Na conversa com os brasileiros, ele retorna ao romance “O vendedor de passados”, cuja versão em inglês, The book of chameleons, foi ganhadora, em 2007, do Prêmio Independent na categoria Ficção Estrangeira. Lançada em 2004, há quase duas décadas, a obra apresenta uma verdadeira sátira aos dramas vividos por Angola no Pós-Guerra Civil. A burguesia acredita que seu futuro está assegurado, mas o passado não é adequado à sua nova condição social.
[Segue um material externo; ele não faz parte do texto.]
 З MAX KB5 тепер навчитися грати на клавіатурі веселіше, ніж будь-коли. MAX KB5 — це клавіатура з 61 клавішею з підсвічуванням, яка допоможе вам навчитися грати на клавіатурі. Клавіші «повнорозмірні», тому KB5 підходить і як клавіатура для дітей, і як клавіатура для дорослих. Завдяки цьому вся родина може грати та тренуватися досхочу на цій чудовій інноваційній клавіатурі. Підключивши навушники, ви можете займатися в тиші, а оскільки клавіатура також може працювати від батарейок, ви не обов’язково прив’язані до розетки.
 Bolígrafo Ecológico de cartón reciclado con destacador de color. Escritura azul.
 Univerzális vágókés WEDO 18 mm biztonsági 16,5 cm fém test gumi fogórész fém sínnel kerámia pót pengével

E é nesse contexto que se destaca a figura de Félix Ventura, um angolano que ganha a vida vendendo passados falsos e honrosos a empresários, políticos, generais e representantes da burguesia.

Quem quiser participar do encontro com o escritor, no dia do evento, deve retirar o ingresso, gratuitamente, na bilheteria do CCBB (Rua Primeiro de Março 66 – Centro-Rio de Janeiro) ou pelo site bb.com.br/cultura.
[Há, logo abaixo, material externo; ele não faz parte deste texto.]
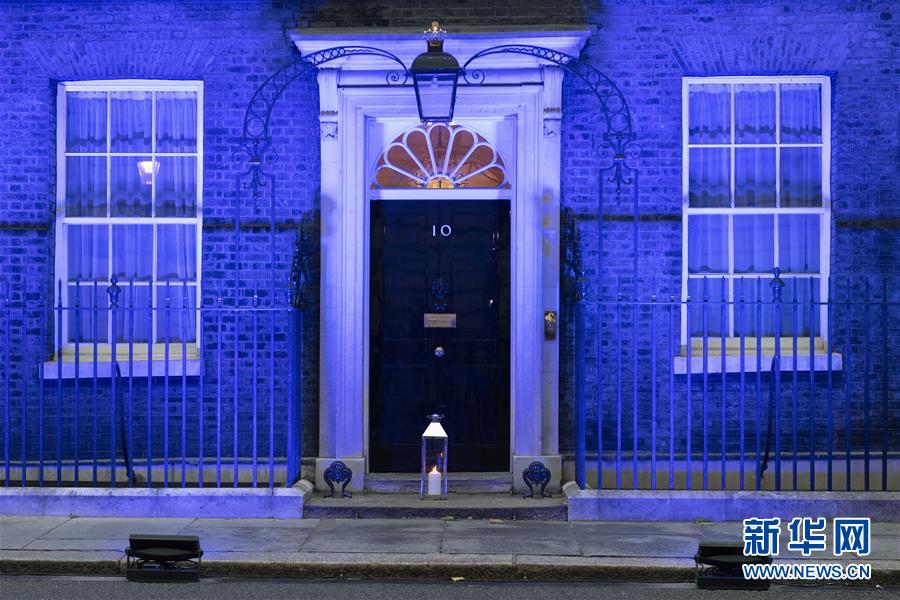 这是7月4日在英国伦敦拍摄的点亮蓝色灯光的唐宁街10号首相府。 当晚,伦敦一些地标建筑亮起蓝色灯光,祝贺7月5日到来的英国国民保健制度(NHS)建立72周年纪念日,并表示对抗击新冠疫情的医护人员的敬意。 新华社发(雷伊·唐摄)
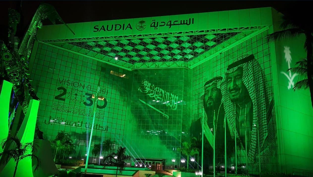 واكتسى المبنى الرئيسي للإدارة العامة للخطوط السعودية الواقع في الجهة الغربية من مدينة “السعودية” بالخالدية على طريق الملك عبدالعزيز بجدة حلة جديدة وتوشح المبنى بصورة خادم الحرمين الشريفين وسمو ولي عهده الامين وشعار رؤية المملكة 2030 مع عبارة “انطلقنا إلى المستقبل” فيما رفرت راية التوحيد على كامل أسوار مدينة “السعودية” .

Marisa Loures – Você disse que espera poder ter uma boa conversa com o público brasileiro sobre os grandes temas abordados em “O vendedor de passados”, isto é, a questão da memória e da identidade.

José Eduardo Agualusa –“O Vendedor de Passados” é um livro ao qual retorno com bastante frequência. Na linguagem dos livreiros é um “long seller”, ou seja, um livro que, não obstante ter sido publicado pela primeira vez há tantos anos, continua a ter muitos leitores. Também por isso, é frequente que me convidem para falar sobre ele. As circunstâncias que me levaram a escrevê-lo não mudaram muito, na medida em que continua a existir em Angola uma classe de pessoas muito ricas, que enriqueceu de forma mais ou menos repentina, e mais ou menos ilegal, e que, portanto, está muito interessada em comprar um passado melhor.

– Fazendo uma pesquisa para esta entrevista, descobri que o personagem Félix Ventura, de “O vendedor de passados”, nasceu de um sonho. E descobri também que havia brasileiros neste sonho. Poderia resgatar essa história para nós?

Na época eu vivia em Berlim, com uma bolsa de escrita criativa. Uma noite sonhei que estava num bar brasileiro, ali mesmo, em Berlim. Alguém me apresentou um sujeito que se apresentou como “vendedor de passados” – ele vendia passados aos novos ricos angolanos. Então, escrevi um conto baseado naquele sonho. O conto foi publicado numa revista portuguesa e recebi mensagens de vários leitores, querendo conhecer melhor aquele personagem. Percebi que o personagem pedia um espaço maior, e escrevi o romance.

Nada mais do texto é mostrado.